Pictures are to be left out; every line from the one with "그 예로 ‘그린애플 콜라겐" through the end of the data must be transcribed exactly.

▶

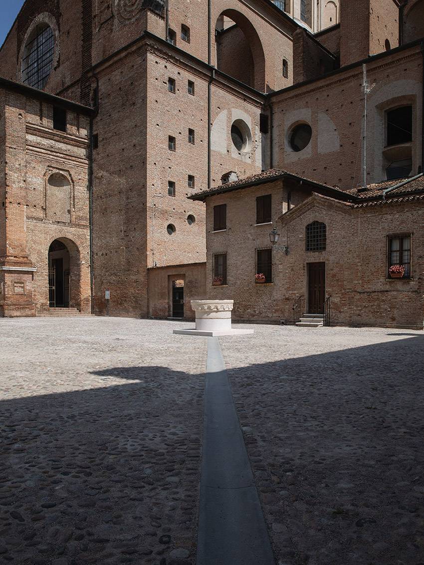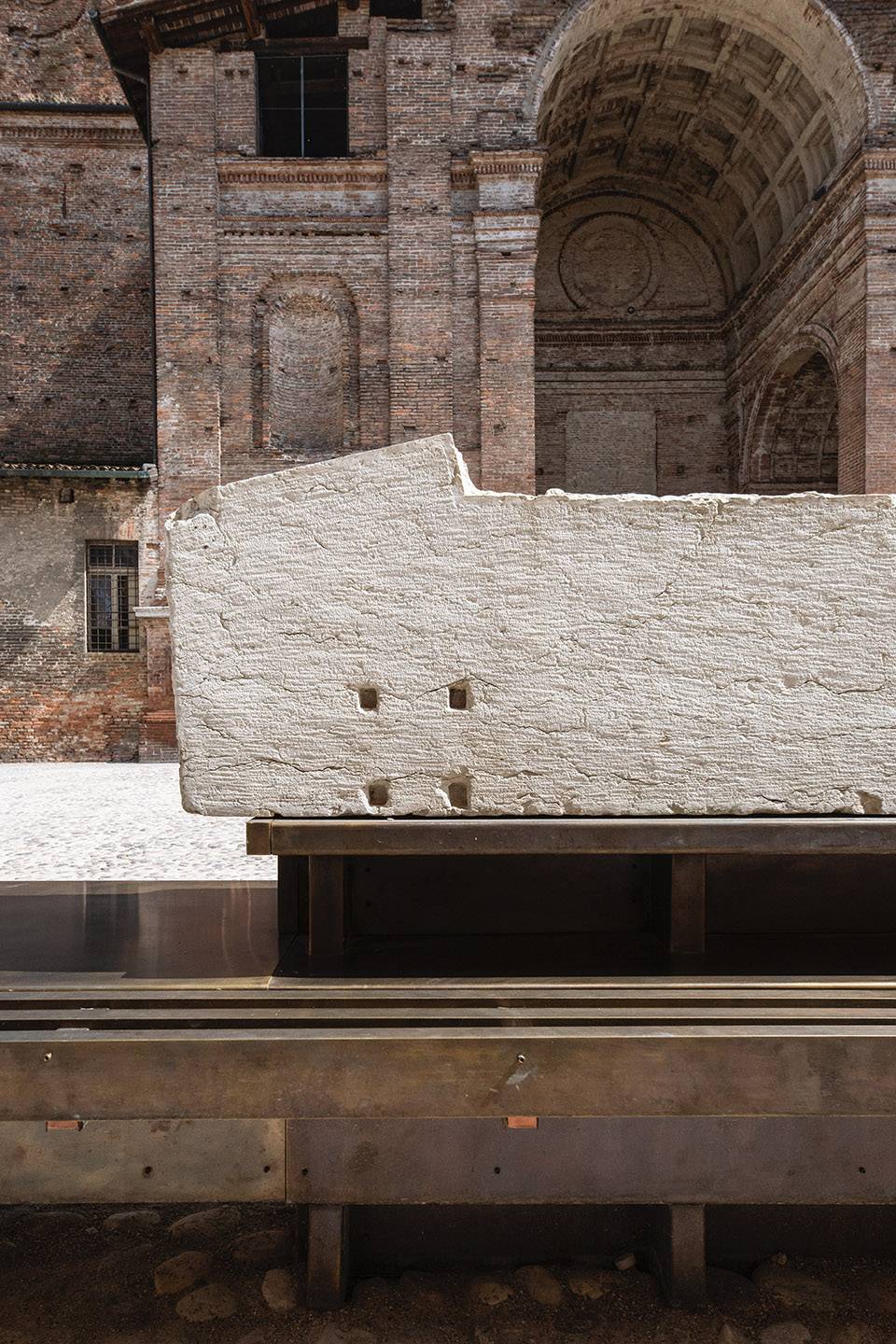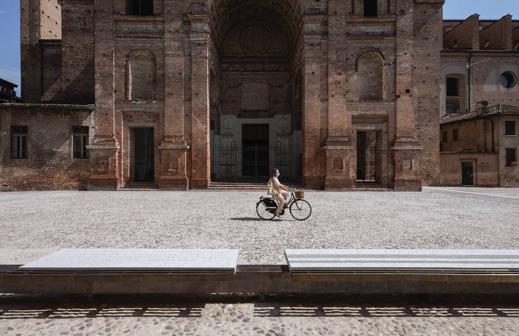 為使主要紀念空間與商業(yè)空間形成明顯的分區(qū),場地周邊的地面上設有一系列帶有浮雕的大塊地磚,地磚上以線條的形式抽象出 L.B. Alberti教堂的形象,起到了分界的效果。這一設置與這座歷史名城的寶石傳統(tǒng)息息相關,可以視作曼圖亞典型的建筑特色之一,由貝爾塔尼宮的正立面和圣瑪利亞教堂的墓地便可看出。
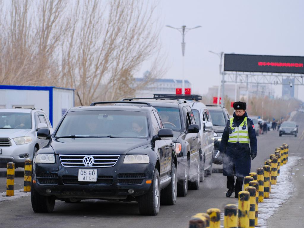 2025年12月23日,出入境货车排队通过满洲里公路口岸。新华社记者 马金瑞 摄
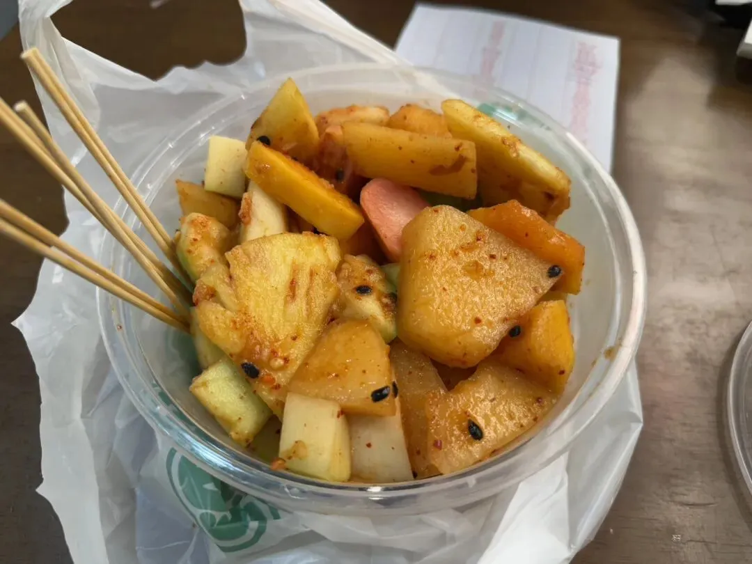 这是路上看到随便买的,和朋友都觉得还不错,吃了几家酸嘢还是最喜欢这家,个人觉得没有必要非去网红店啦,每家调味和腌水果的味道都有点不同,自己喜欢最重要啦~
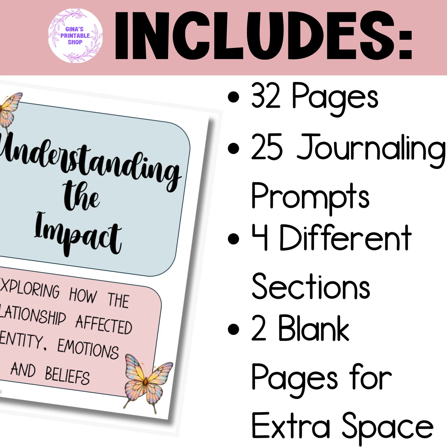 - 25 reflective journaling prompts, each on its own lined writing page
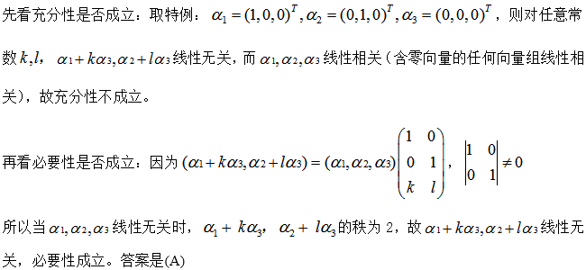 设a1,a2,a3均为3维向量,则对任意常数k,l,向量组
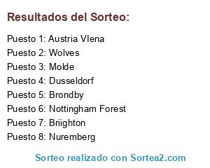 Lista de participantes: Nuremberg, Dusseldorf, Austria VIena, Wolves, Briighton, Nottingham Forest, Molde, Brondby.
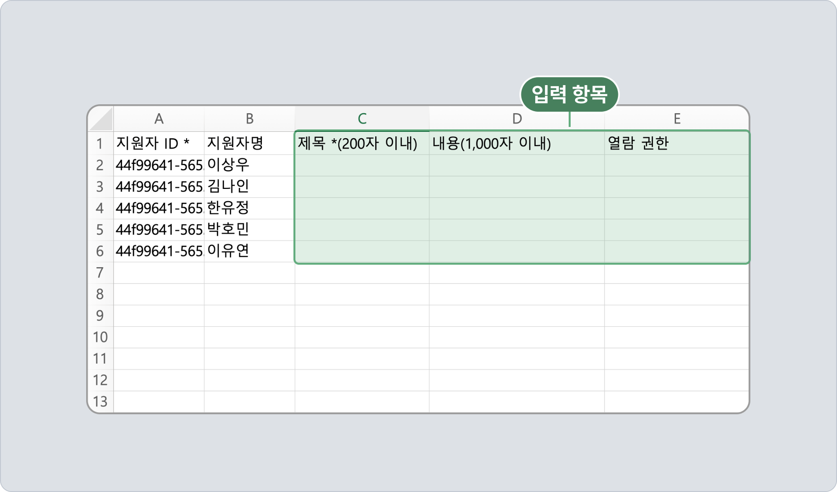 임의로 컬럼(열)을 추가/삭제하면 업로드 시도 시 에러가 발생합니다. 고정된 열 구성이므로 임의로 열을 추가/제거하지 마십시오.
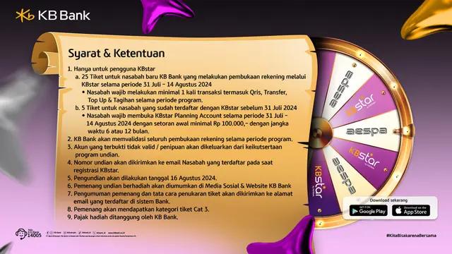 KB Bank mengadakan undian tiket konser aespa Live Tour 2024 bagi para nasabah eksisting maupun calon nasabah. Program lucky draw ini bisa diperoleh dengan membuka rekening melalui aplikasi digital banking KBstar. 30 nasabah yang beruntung akan mendapatkan tiket konser aespa Live Tour 2024 untuk kategori CAT 3.
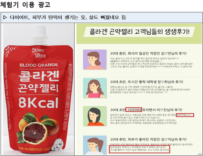 그 예로 ‘그린애플 콜라겐 곤약젤리’ 제품은 콜레스테롤 수치를 조절해준다고 광고했다. 그러나 이는 검증되지 않은 소비자 체험기를 활용한 과대광고였다.
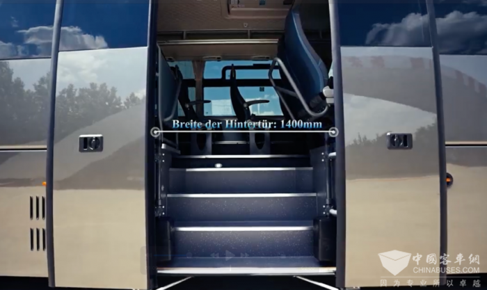车门方面,前车门与后车门均采用塞拉门设计,既安全又方便,高峰期通过性好。前车门的踏步高度为360mm,方便所有人的上下车,后车门开启宽度为1400mm,上下车的空间极为宽敞,体现出同级车型少有的空间感。
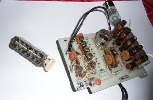 Hierbij moet worden gelet op de stand van de diverse schakelaars .. deze moeten alle bij terug inbouw van de Module weer in de goede stand staan . Nadat de kettingen weg genomen zijn kan de unit na wat schroef en soldeerwerk uit de set worden genomen . Unit op de kop gelegd en met de tinzuiger alle contacten van de 6 voudige conden sator los maken . Nu zou de condensator eruit moeten kunnen , maar … tegenvaller , de schakelaar zit in de weg . De condensator komt niet vrij van de print , dus moet de bandschakelaar er ook uit !
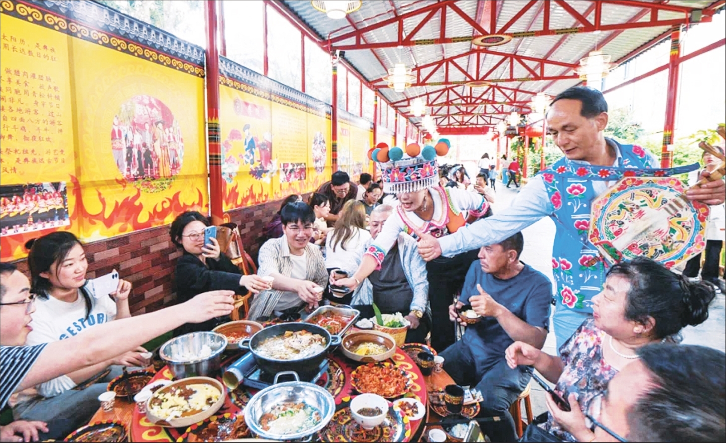 在紫溪社区党总支带领下,紫溪彝村成立了紫溪镇乡村旅游联合党支部,支部党员杨应成、李和友、李世琼等率先带头,积极开办农家乐,带动紫溪彝村片区乡村旅游农家乐加快发展。目前,紫溪彝村片区共发展农家乐38户、小吃店8户、客栈8家,松毛长街宴特色餐饮1家,药膳主题餐馆2户、中高端主题民宿1户,乡村旅游产品供给更加多样,乡村旅游联农带农作用持续增强。
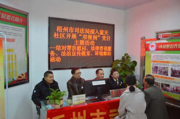 3月10日下午,我市首个法治社区——蓝天社区公共服务中心里人头攒动,到处都活跃着社区群众来访和咨询的身影。梧州市律师协会党总支、市优秀青年律师服务团临时党支部积极响应落实市委、市委组织部关于开展“党员活动日”的号召,组织了12名党员律师走进蓝天社区举办“党员活动日”活动。
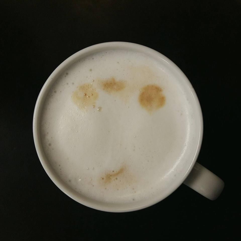 ลาเต้ไม่อาร์ต เป็นลาเต้แก้วแรกที่เรากดเองจากเครื่องชงกาแฟอัตโนมัติของที่ฝึกงาน เราว่าหน้าตามันน่ารักดี
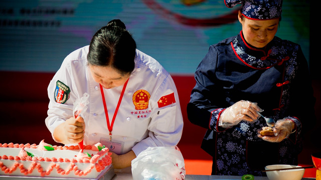 【大埔县第二届美食旅游文化节暨"粤菜(客家菜)师傅工程"千人长寿宴】在梅州大埔举行。千人长寿宴由大埔小吃文化城以罗秋航师傅为代表的大师工作室,联合大埔县田家炳高级职业学校、瑞锦职业培训学校的学员共100名厨师同场展艺。现场举行了“中国首个客家菜研究培训基地”颁发仪式,中国食文化研究会授予大埔县瑞锦酒店“中国食文化研究会客家菜(大埔小吃)研究培训基地”的荣誉称号,还有国宝级大厨朱永松现场赠书授艺,面点绝技再现江湖、小熊妈妈爱心早餐、百名厨师同台展艺等环节。更有各种民俗文化表演,边吃千人长寿宴,边看表演,活动在彰显大埔特色的同时,推动大埔旅游资源的整个与发展。
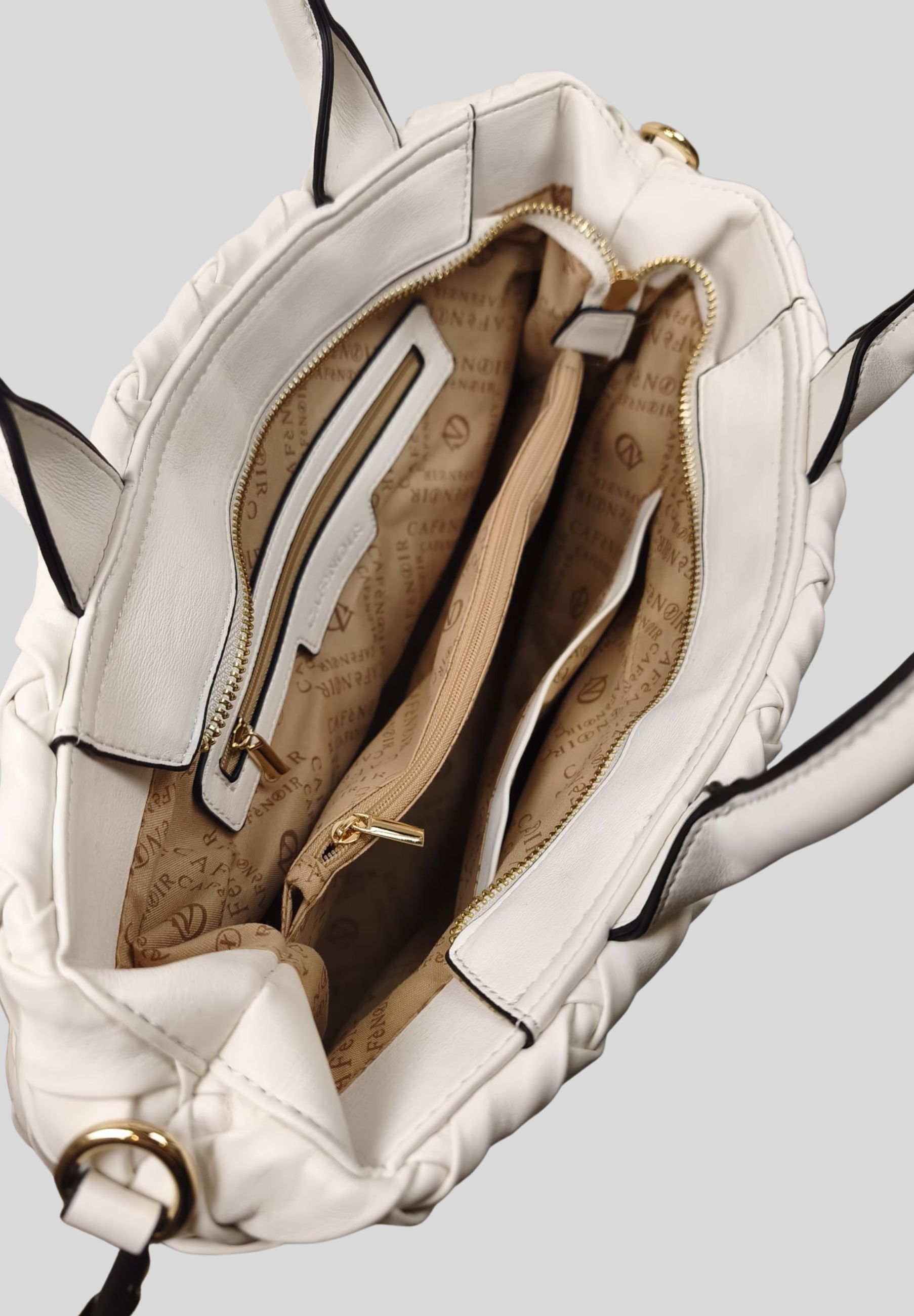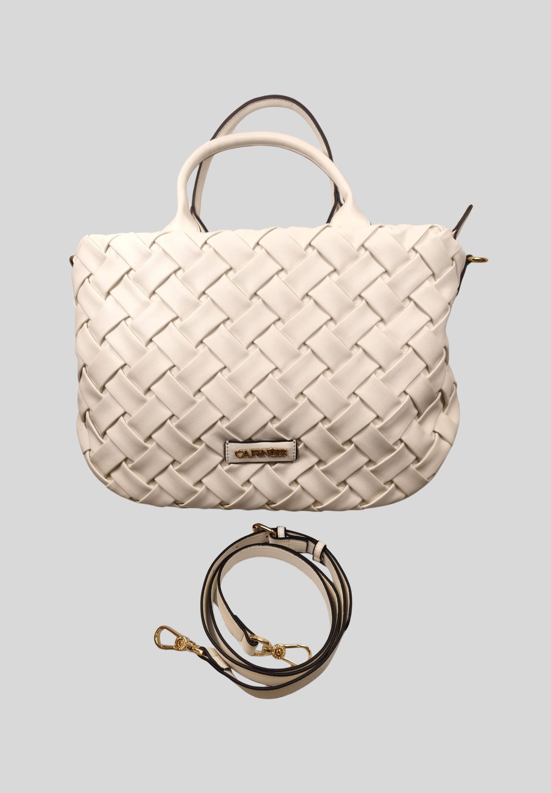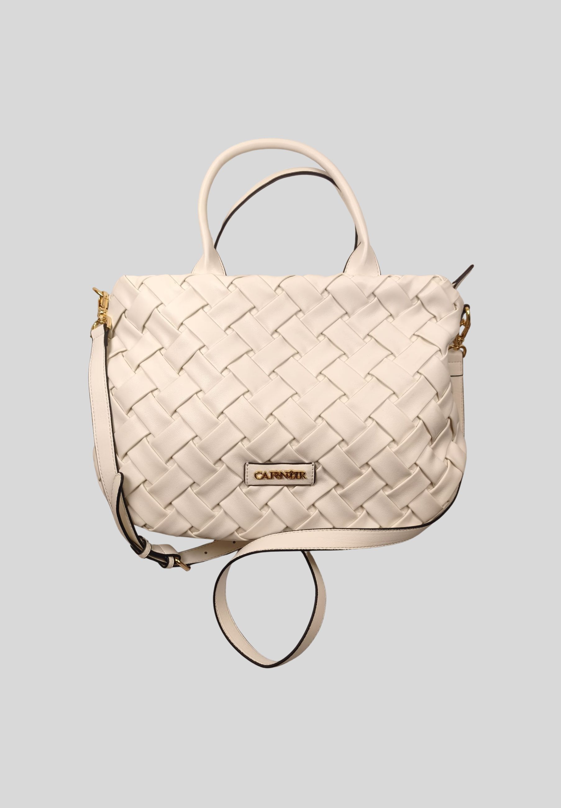 Elegante e contemporanea, questa borsa Cafè Noir è realizzata in 100% poliuretano con una raffinata lavorazione intrecciata in similpelle, che dona carattere e stile al design. La forma compatta ma strutturata la rende ideale per luso quotidiano, mentre i doppi manici garantiscono una portabilità comoda. È dotata di tracolla regolabile e removibile, per un utilizzo versatile a mano o a spalla. Linterno foderato con tasca zip permette una pratica organizzazione degli oggetti essenziali. Perfetta per look casual chic e outfit urbani, è un accessorio moderno e funzionale firmato Cafè Noir.

◀

• _WRITTEN REPLY_
 그 예로 ‘그린애플 콜라겐 곤약젤리’ 제품은 콜레스테롤 수치를 조절해준다고 광고했다. 그러나 이는 검증되지 않은 소비자 체험기를 활용한 과대광고였다.
车门方面,前车门与后车门均采用塞拉门设计,既安全又方便,高峰期通过性好。前车门的踏步高度为360mm,方便所有人的上下车,后车门开启宽度为1400mm,上下车的空间极为宽敞,体现出同级车型少有的空间感。
 Hierbij moet worden gelet op de stand van de diverse schakelaars .. deze moeten alle bij terug inbouw van de Module weer in de goede stand staan . Nadat de kettingen weg genomen zijn kan de unit na wat schroef en soldeerwerk uit de set worden genomen . Unit op de kop gelegd en met de tinzuiger alle contacten van de 6 voudige conden sator los maken . Nu zou de condensator eruit moeten kunnen , maar … tegenvaller , de schakelaar zit in de weg . De condensator komt niet vrij van de print , dus moet de bandschakelaar er ook uit !
 在紫溪社区党总支带领下,紫溪彝村成立了紫溪镇乡村旅游联合党支部,支部党员杨应成、李和友、李世琼等率先带头,积极开办农家乐,带动紫溪彝村片区乡村旅游农家乐加快发展。目前,紫溪彝村片区共发展农家乐38户、小吃店8户、客栈8家,松毛长街宴特色餐饮1家,药膳主题餐馆2户、中高端主题民宿1户,乡村旅游产品供给更加多样,乡村旅游联农带农作用持续增强。
 3月10日下午,我市首个法治社区——蓝天社区公共服务中心里人头攒动,到处都活跃着社区群众来访和咨询的身影。梧州市律师协会党总支、市优秀青年律师服务团临时党支部积极响应落实市委、市委组织部关于开展“党员活动日”的号召,组织了12名党员律师走进蓝天社区举办“党员活动日”活动。
 ลาเต้ไม่อาร์ต เป็นลาเต้แก้วแรกที่เรากดเองจากเครื่องชงกาแฟอัตโนมัติของที่ฝึกงาน เราว่าหน้าตามันน่ารักดี
 【大埔县第二届美食旅游文化节暨"粤菜(客家菜)师傅工程"千人长寿宴】在梅州大埔举行。千人长寿宴由大埔小吃文化城以罗秋航师傅为代表的大师工作室,联合大埔县田家炳高级职业学校、瑞锦职业培训学校的学员共100名厨师同场展艺。现场举行了“中国首个客家菜研究培训基地”颁发仪式,中国食文化研究会授予大埔县瑞锦酒店“中国食文化研究会客家菜(大埔小吃)研究培训基地”的荣誉称号,还有国宝级大厨朱永松现场赠书授艺,面点绝技再现江湖、小熊妈妈爱心早餐、百名厨师同台展艺等环节。更有各种民俗文化表演,边吃千人长寿宴,边看表演,活动在彰显大埔特色的同时,推动大埔旅游资源的整个与发展。
 Elegante e contemporanea, questa borsa Cafè Noir è realizzata in 100% poliuretano con una raffinata lavorazione intrecciata in similpelle, che dona carattere e stile al design. La forma compatta ma strutturata la rende ideale per luso quotidiano, mentre i doppi manici garantiscono una portabilità comoda. È dotata di tracolla regolabile e removibile, per un utilizzo versatile a mano o a spalla. Linterno foderato con tasca zip permette una pratica organizzazione degli oggetti essenziali. Perfetta per look casual chic e outfit urbani, è un accessorio moderno e funzionale firmato Cafè Noir.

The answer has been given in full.